Закон распада (СИ) - Казиник Сергей Игоревич. Страница 8

Стреляю, винтовка больно клюет плечо. Промазал, да какое к хренам собачьим промазал, видел же, черт побери, попал же… Нет, убегает, легко, быстро, со всех ног, светлые волосы разметались по ветру.
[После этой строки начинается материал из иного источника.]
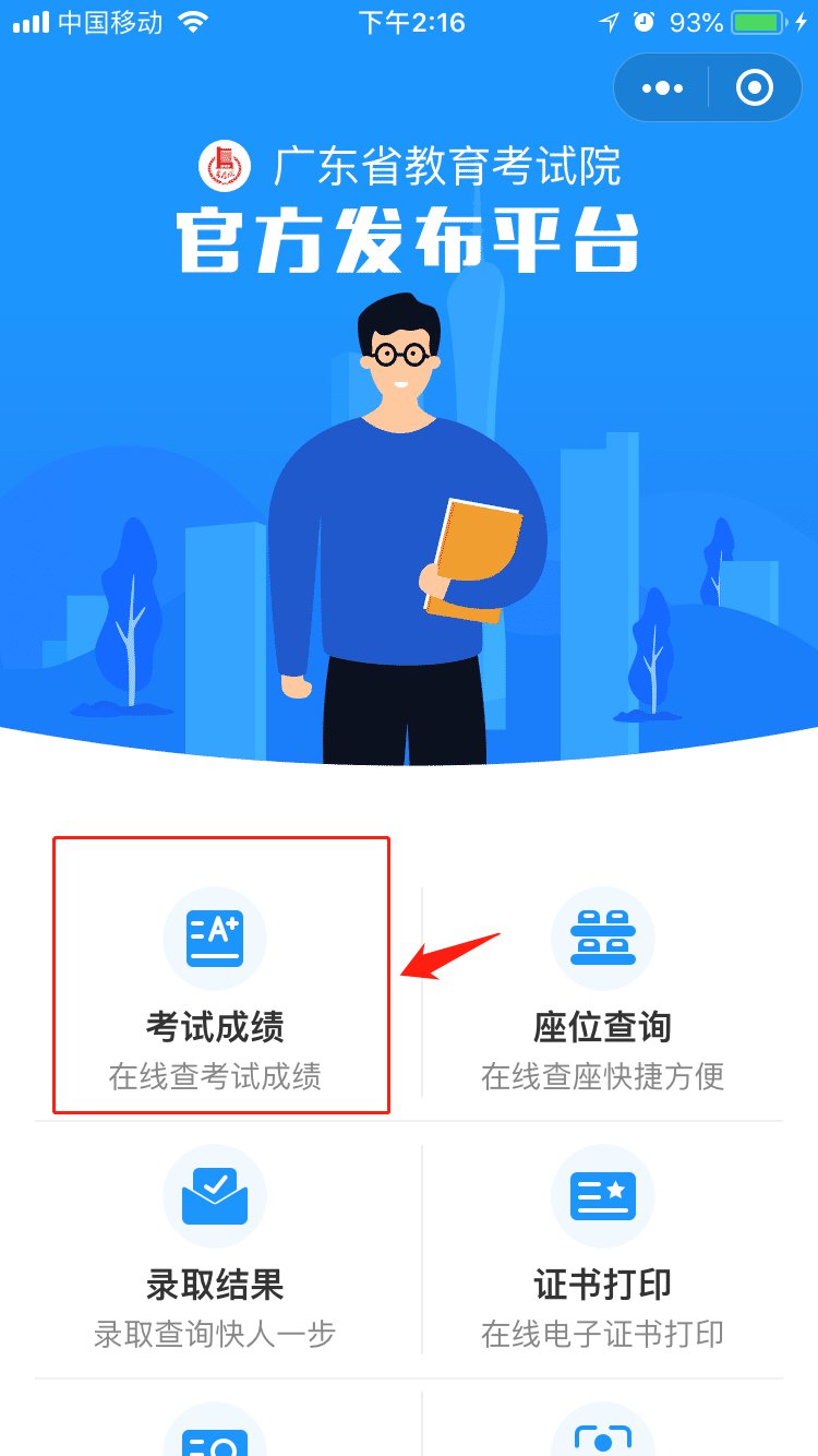 (一)点击上方链接进入“广东省教育考试院”微信小程序,点击【考试成绩】版块进入查询页面;

Рядом со мной вздымается земля — даже не успеваю испугаться.

Почему-то верю — Она меня убережет.

Она… когда я увидел ее первый раз… Черт меня забросил в какой-то городишко, разоренный войной, какой войной, да не помню, какой, много их было на моем веку… Как всегда — ходишь по огромной свалке, которая когда-то была городом, вытаскиваешь из-под обломков кого-то, кого еще можно вытащить. Репортажи… да какие там к чертям собачьим репортажи, никогда не понимаю журналюг, которые вороньем слетаются на падаль, вытащат спасатели изуродованный труп, они уже тут как тут, только что не облизываются…

Там-то и встретил ее, полную, смуглую, сидела над трупом девочки, я еще отвел глаза, репортаж бы сделать, да какой там репортаж, у матери горе… стоял, смотрел, как растирает виски девочки, смывает кровь с разбитого лба…

Тут-то и случилось… Прикоснулась губами к девчушкиной щеке, замерла… и вот уже девочка встает, отряхивается, скулит, больно, и эта, смуглая, полная, толкает ее в сторону палатки с красным крестом, иди, иди к тетям, они тебе шоколадку дадут…

С ума я сошел, что ли…

А очень похоже… как во сне смотрю, как она идет дальше, по мертвому городу, останавливается перед сломанной яблоней, гладит искалеченные ветви. Дерево выпрямляется, медленно, нехотя, склоняет к земле ветви, тяжелые от налитых плодов…

Какой там репортаж, какое там что, иду за ней, испуганный, завороженный, прихрамываю, растянул лодыжку, только что не спотыкаюсь о собственную тень. Смотрю — как она останавливается перед тем, что было храмом, легко поднимает огромные глыбы, как будто они из пенопласта, а не из камня, кладет — одну на другую. Камни выскальзывают из рук, она хватает их — снова, снова…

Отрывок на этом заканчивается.